**YOUR INSTRUCTIONS**
Find "- Two 3.44 x" below and begin at its line; stop after the line with "1. Cost Accuracy". Output those lines exactly, without pictures.

**DATA SUPPLIED**

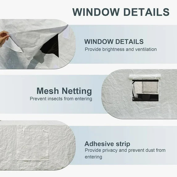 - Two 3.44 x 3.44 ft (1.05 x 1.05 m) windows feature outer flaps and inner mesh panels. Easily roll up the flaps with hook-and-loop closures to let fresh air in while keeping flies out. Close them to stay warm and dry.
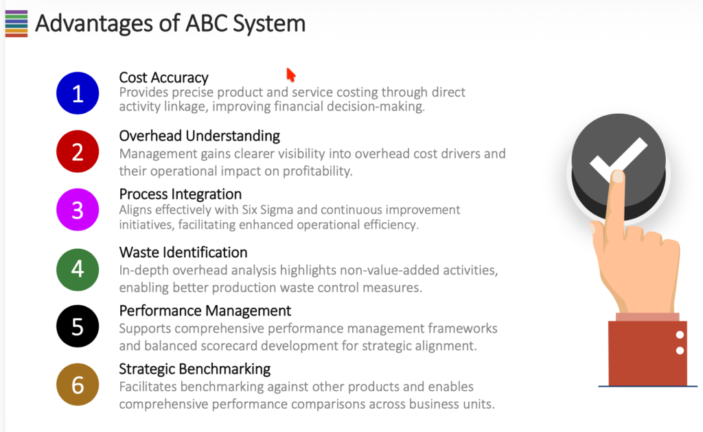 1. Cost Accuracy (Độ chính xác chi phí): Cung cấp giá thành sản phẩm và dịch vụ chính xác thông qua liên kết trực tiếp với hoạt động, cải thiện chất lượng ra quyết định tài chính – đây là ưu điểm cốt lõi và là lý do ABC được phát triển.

--

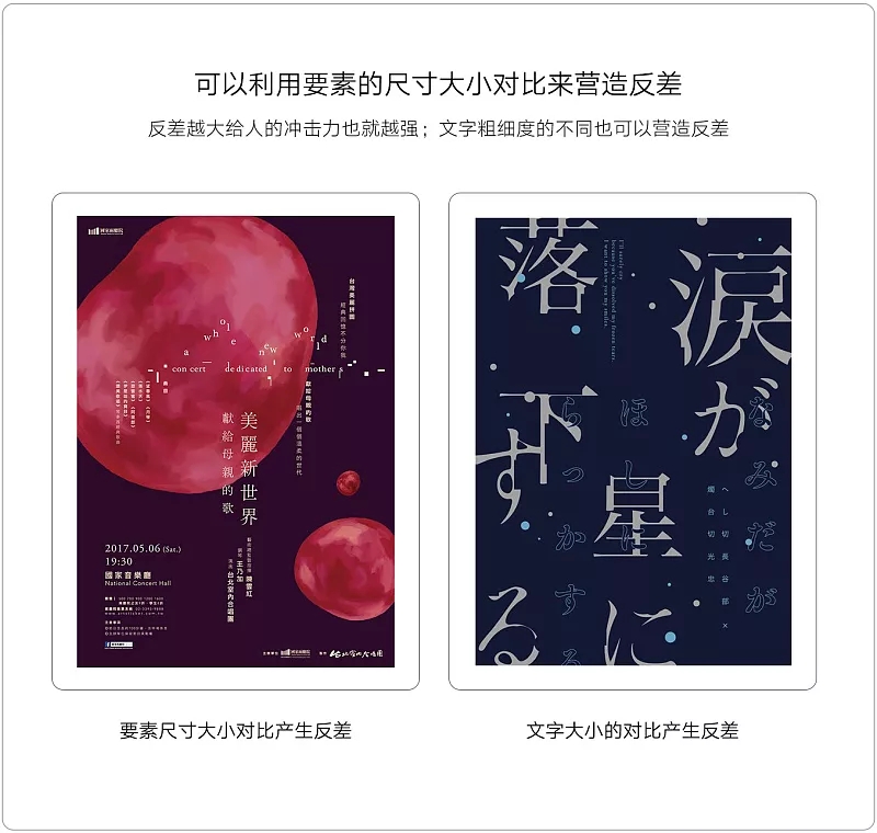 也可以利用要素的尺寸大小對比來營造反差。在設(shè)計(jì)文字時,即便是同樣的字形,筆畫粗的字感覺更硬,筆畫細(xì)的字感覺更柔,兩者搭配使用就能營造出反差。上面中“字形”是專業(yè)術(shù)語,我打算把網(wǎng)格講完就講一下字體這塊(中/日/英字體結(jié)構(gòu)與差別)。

**OUTPUT**
 - Two 3.44 x 3.44 ft (1.05 x 1.05 m) windows feature outer flaps and inner mesh panels. Easily roll up the flaps with hook-and-loop closures to let fresh air in while keeping flies out. Close them to stay warm and dry.
 1. Cost Accuracy (Độ chính xác chi phí): Cung cấp giá thành sản phẩm và dịch vụ chính xác thông qua liên kết trực tiếp với hoạt động, cải thiện chất lượng ra quyết định tài chính – đây là ưu điểm cốt lõi và là lý do ABC được phát triển.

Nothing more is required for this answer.